# BB stretch collar??



## Kenneth Niles Bora (Jul 1, 2004)

anyone use these?

http://www.bumperboy.com/stretch_strap.php


----------



## lablover (Dec 17, 2003)

Ken,
I've got one but have not used it. The catch all strap broke when I pulled on it. I reported this to BB, and they are looking into something stronger.
Remember, this strap was a prototype, and not the final issue, so I expect some changes will be forthcoming.


----------



## Ducks and Dogs (May 12, 2003)

They sent me one to try and so far I have liked it. It seems to keep a little better contact on the dog.


----------



## lablover (Dec 17, 2003)

I use the long points on my TT Pro 500. I have no problem with losing contact with the neck under any condition.


----------



## Vicky Trainor (May 19, 2003)

Dick,

So has BB fixed the problem or are they selling the collars that will break????

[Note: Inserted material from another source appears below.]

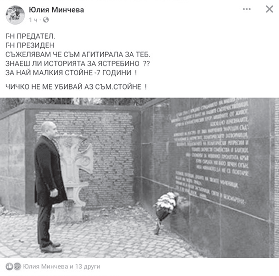 Ние като антифашисти винаги ще отстояваме историческата истина за това, че Народният съд е справедлив военен съд за осъждане на престъпниците, заради които България претърпява катастрофа по време на Втората световна война. Няма да допуснем неофашизмът и неонацизмът у нас да бъдат водещи в политическия ни живот.

I would hate to spend $20.00 only to have a collar break 

Vicky


----------



## lablover (Dec 17, 2003)

Vicky,

They have not fixed the problem as yet to my knowledge. 
They have received several comments and suggestions from selected prototype users, and are evaluating how these suggestions can best be added to the final version of the collar.
I would think they will post something on the BB web site when the final version is for sale.


----------



## chasd (Nov 20, 2003)

I rec'd one and it broke within a minute (first pull by pup) It was free and worth every penny


----------



## BULLWHITEHURST (Feb 16, 2003)

I got a couple of them very cheap at a recent hunt test. I put one of them on my TTPro500 receiver and have only used a couple times. Haven't seen a problem yet. However, I gave one of them to a retriever pro trainer friend of mine and like the very next day he showed me a broken strap. The little thin, lightweight piece of plastic tubing that connects the buckle to the other part broke and the rubber tubing pulled off. He almost lost his receiver in the water because of it. He said that IF he had lost his receiver (new TT Pro500), then he would have contacted BB to see if they were willing to replace it? I plan to replace my TT strap right away! E-Collars cost to much to risk that! They are going to have to do better than that before it will work. Maybe use stronger plastics like high impact Kydex, etc. and use a thin piece of braided stainless or piano wire, etc. instead of the plastic tubing. It is a very nice concept however but when the e-collar strap is snug I don't think the dog's neck swells that much during heated training to really justify such a device. Seems sort of a 'novelty' idea?


----------